> [What this task involves]:
Give back the exact lines of the material below from the one containing "Made of iron, having" through the one containing "- ★リボン付きコットン パンティ", and no pictures.

Start of Input for this task

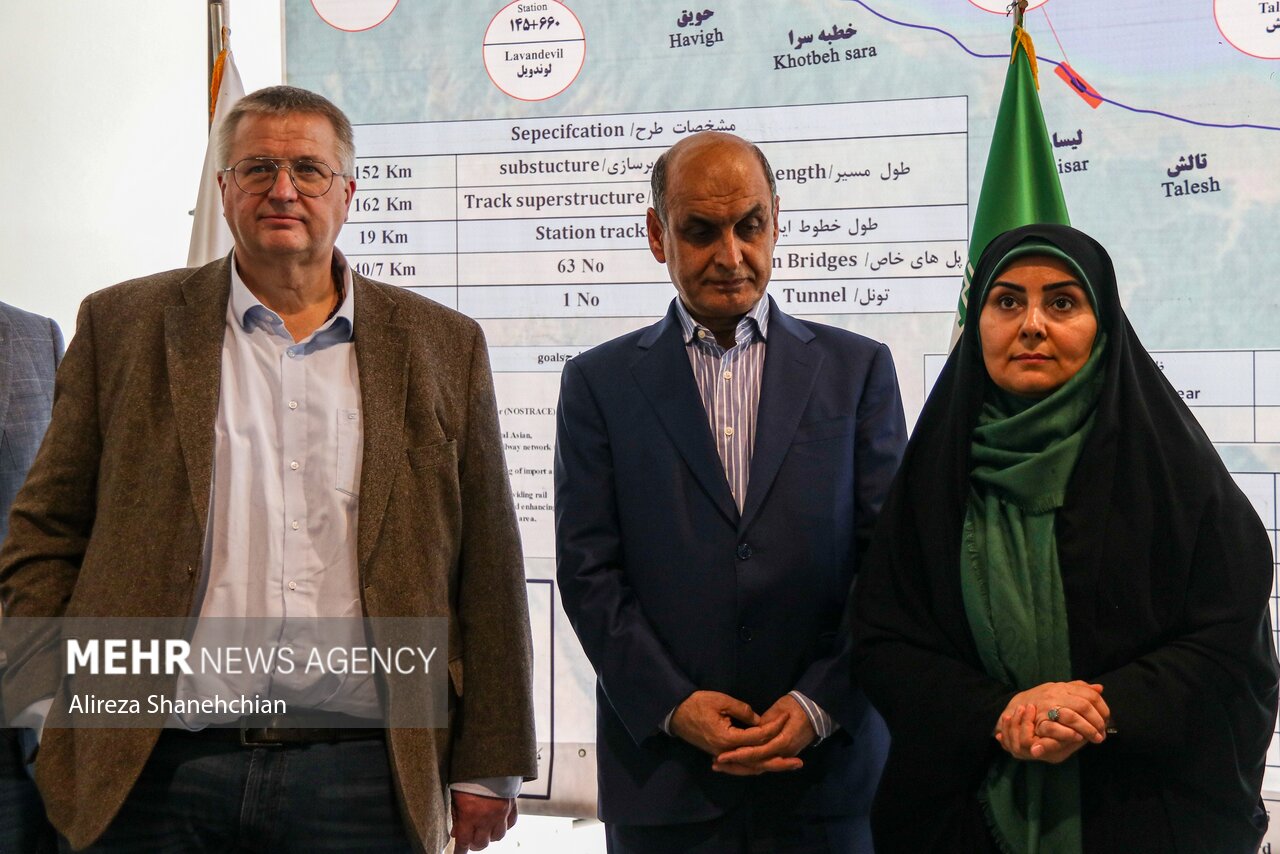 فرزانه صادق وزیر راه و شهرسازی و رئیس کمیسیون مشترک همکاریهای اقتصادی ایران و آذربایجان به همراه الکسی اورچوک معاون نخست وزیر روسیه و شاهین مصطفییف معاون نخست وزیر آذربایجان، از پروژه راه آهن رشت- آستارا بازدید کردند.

End of Input for this task
Start of Input for this task

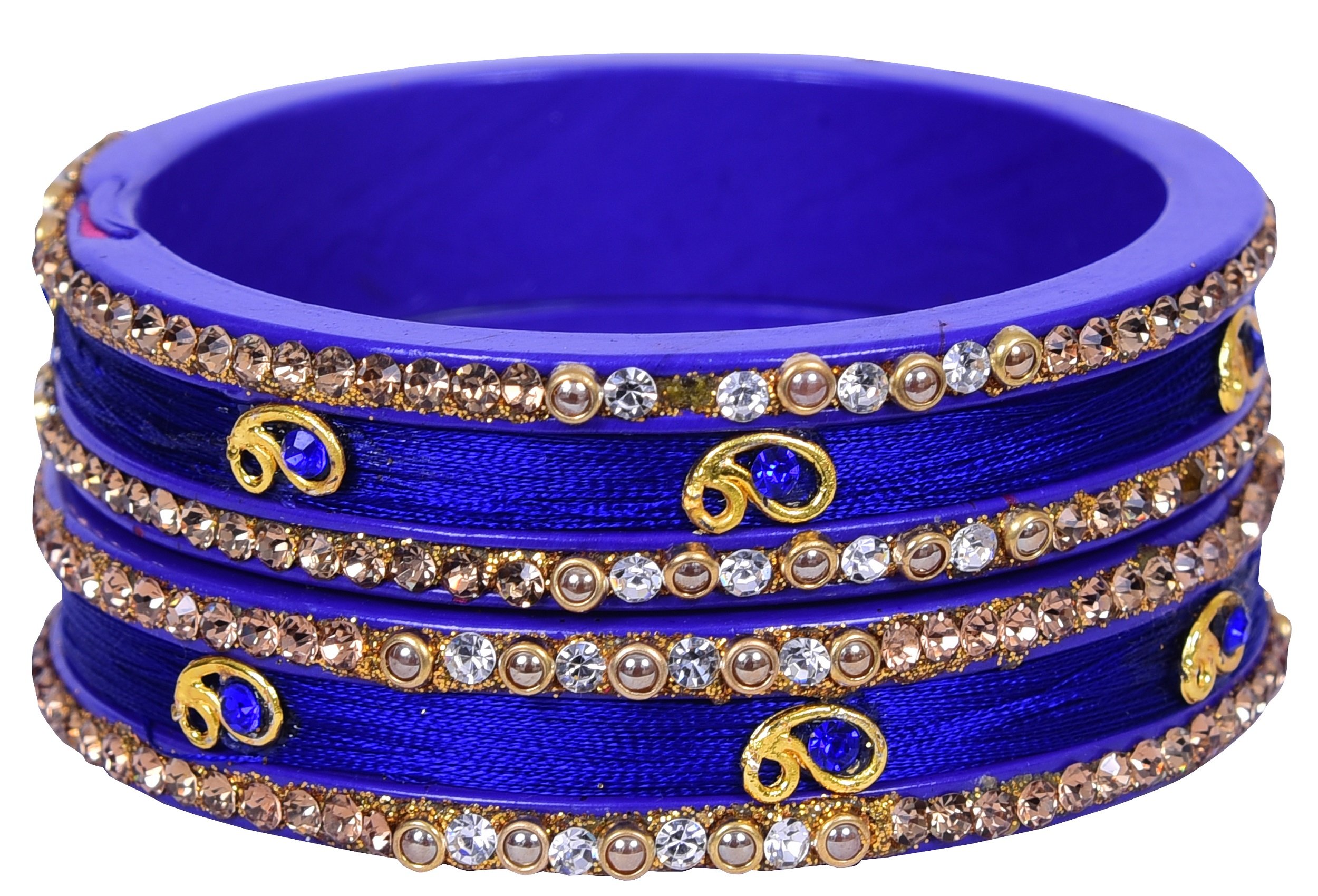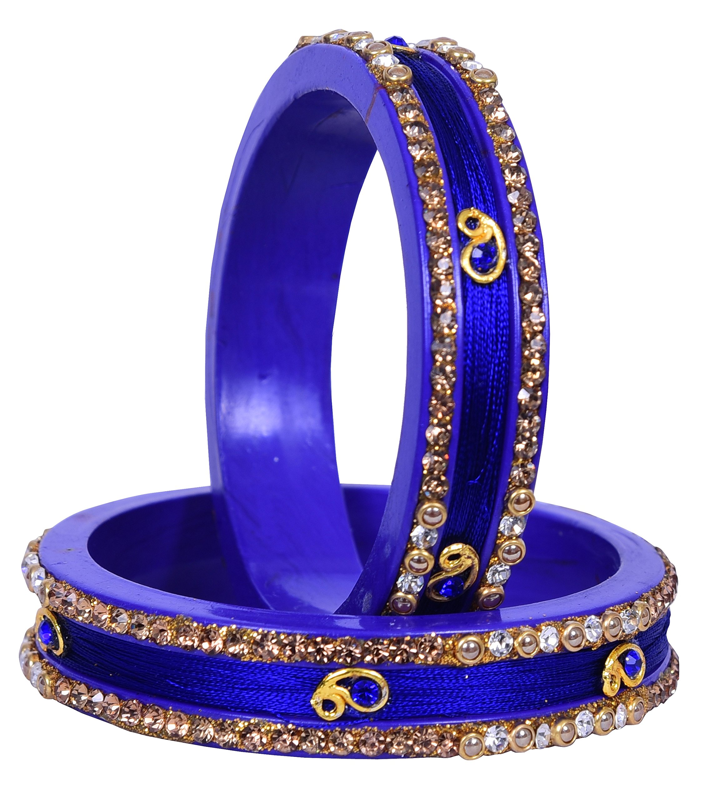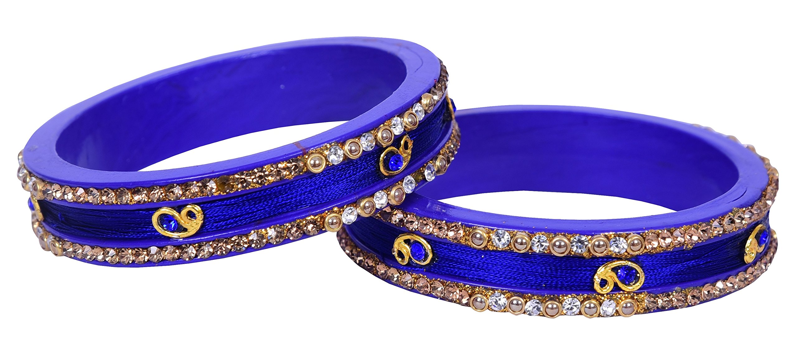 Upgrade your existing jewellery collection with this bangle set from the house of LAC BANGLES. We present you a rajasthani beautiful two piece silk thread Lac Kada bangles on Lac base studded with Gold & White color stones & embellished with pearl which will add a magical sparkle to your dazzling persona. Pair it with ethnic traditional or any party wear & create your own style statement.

End of Input for this task
Start of Input for this task

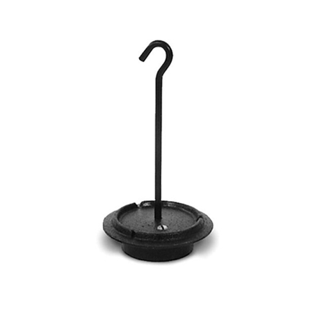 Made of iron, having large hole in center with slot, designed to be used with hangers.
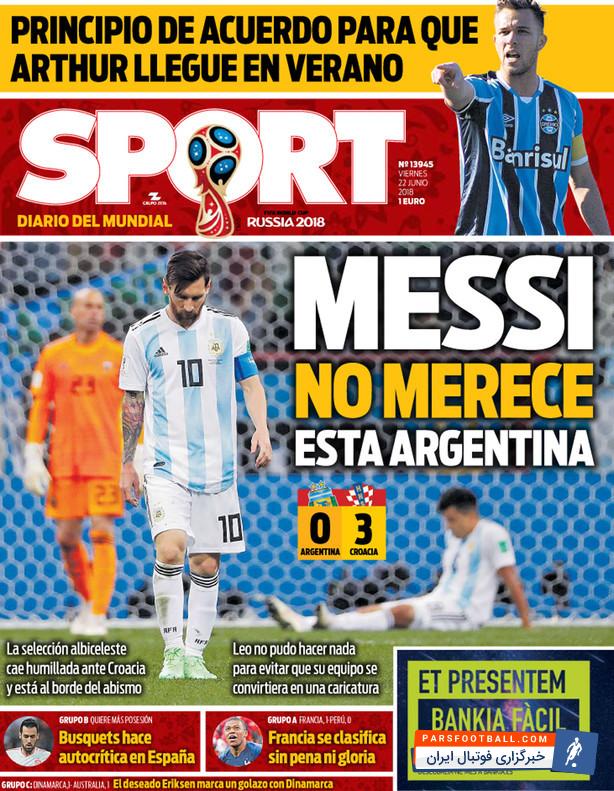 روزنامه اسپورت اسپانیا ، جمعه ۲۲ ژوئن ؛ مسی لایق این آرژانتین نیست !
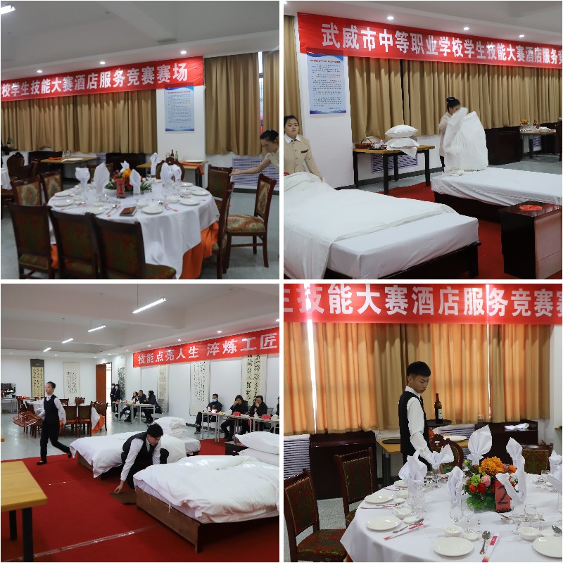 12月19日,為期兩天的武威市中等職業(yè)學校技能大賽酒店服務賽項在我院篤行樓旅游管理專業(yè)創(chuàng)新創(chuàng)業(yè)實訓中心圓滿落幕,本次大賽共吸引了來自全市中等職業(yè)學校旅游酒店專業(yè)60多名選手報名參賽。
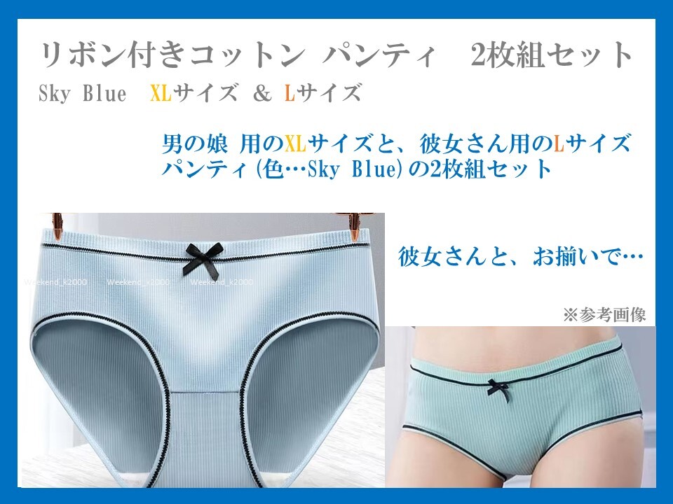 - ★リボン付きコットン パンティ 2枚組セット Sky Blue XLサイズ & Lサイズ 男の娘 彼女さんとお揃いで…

End of Input for this task

> [Expected answer]:
 Made of iron, having large hole in center with slot, designed to be used with hangers.
 روزنامه اسپورت اسپانیا ، جمعه ۲۲ ژوئن ؛ مسی لایق این آرژانتین نیست !
 12月19日,為期兩天的武威市中等職業(yè)學校技能大賽酒店服務賽項在我院篤行樓旅游管理專業(yè)創(chuàng)新創(chuàng)業(yè)實訓中心圓滿落幕,本次大賽共吸引了來自全市中等職業(yè)學校旅游酒店專業(yè)60多名選手報名參賽。
 - ★リボン付きコットン パンティ 2枚組セット Sky Blue XLサイズ & Lサイズ 男の娘 彼女さんとお揃いで…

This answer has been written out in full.